When the girl was young, her grandfather would set traps. On spring afternoons, She’d run from the bus to a certain patch of grass. There, she would throw herself down on her stomach, and press her child’s fingers against a tiny metal cage. Her breath would go, her eyes would cloud, and the young heart inside her would race and race. Some days, a set of eyes would meet her own.
In general the routine would go like this: panic, take a few huge breaths, scout the area at a scamper for onlookers, then one, two, three: Release. “Run! Run!” the girl would cheer in her mind. And all alone, she would surely do a few little jumps of joy as the squirrel ran and ran. It was no secret that the girl was releasing the squirrels, upsetting the delicate balance of her grandmother’s bird feeders. But since girls will be girls, they turned a blind eye. That’s how it went most days.
Every so often, she would feel an irrepressible urge to touch a squirrel. Peering through the wires at something frightened to the brink of madness, the girl would feel kinship. Her little fingers would slip, almost all on their own, toward the brown bristled fur. “Shhhh. Shhhhh,” she would whisper to the squirrel and herself. “Shhhh.”
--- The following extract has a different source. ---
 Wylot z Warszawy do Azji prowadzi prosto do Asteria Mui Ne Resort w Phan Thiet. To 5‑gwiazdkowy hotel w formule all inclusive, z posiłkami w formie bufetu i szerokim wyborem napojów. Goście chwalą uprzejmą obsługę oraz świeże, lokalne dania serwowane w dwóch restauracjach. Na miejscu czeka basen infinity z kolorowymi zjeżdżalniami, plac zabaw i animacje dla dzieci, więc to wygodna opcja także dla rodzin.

For a moment peace would settle between them. Then, the child’s finger would cross the too-close distance between curiosity and danger. In a second, her finger would feel a pinch that elevated to a crunch. To the girl , it would feel like an eternity before release. But she would wait in pained patience. Squeezing her eyes and lips into control, the child would keep down a yelp. Her tears were another thing. She cried not from the pain, which was miserable, but from the pitiful, shameful, knowledge that she had known better.
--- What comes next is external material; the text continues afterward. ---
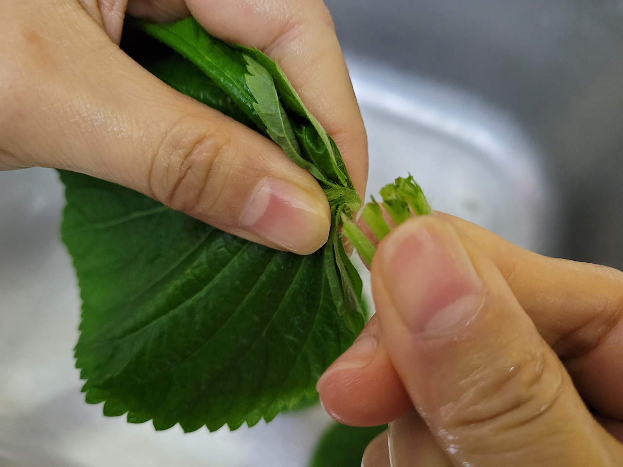 2. 오징어 부추전에 깻잎이 들어가면 더욱 맛있어요. 깻잎 꼭지를 떼서 한 장씩 씻어줍니다.

And so it came to pass that the child became an adult. The girl was much unchanged in substance as is often the case with people. She still scampered about before doing something she shouldn’t. She still cheered in her mind. She did not often visit the old house where the wire cages sat rusting, unused.
The girl liked to believe that she had grown a great deal. She would recall many things about her youth and laugh at her foolishness. Her friends loved to hear stories about her country upbringing, so she told about the ducks in the pond, the chickens in the coop, the dog and the cats and the rabbits, but never of the squirrels.
One day, while the girl was taking notes in a very difficult college class, a pair of eyes met her own. Her eyes clouded and her heart raced and raced. The boy and the girl considered each other for many months, perhaps even a year. They would study one another across the table at dinners, side-by-side at the theatre, late at night in bed. The girl could sense that something was wrong with the boy. And she wanted so very much to help him, so very much. After all, she understood some things about life.
The girl’s friends, the same ones that loved stories of her country life, did not approve of the boy. It wasn’t anything in particular. Nothing like that at all. In fact, he was good-looking and his wounded spirit made him lovely really. The girl knew the boy. He made her heart race and race.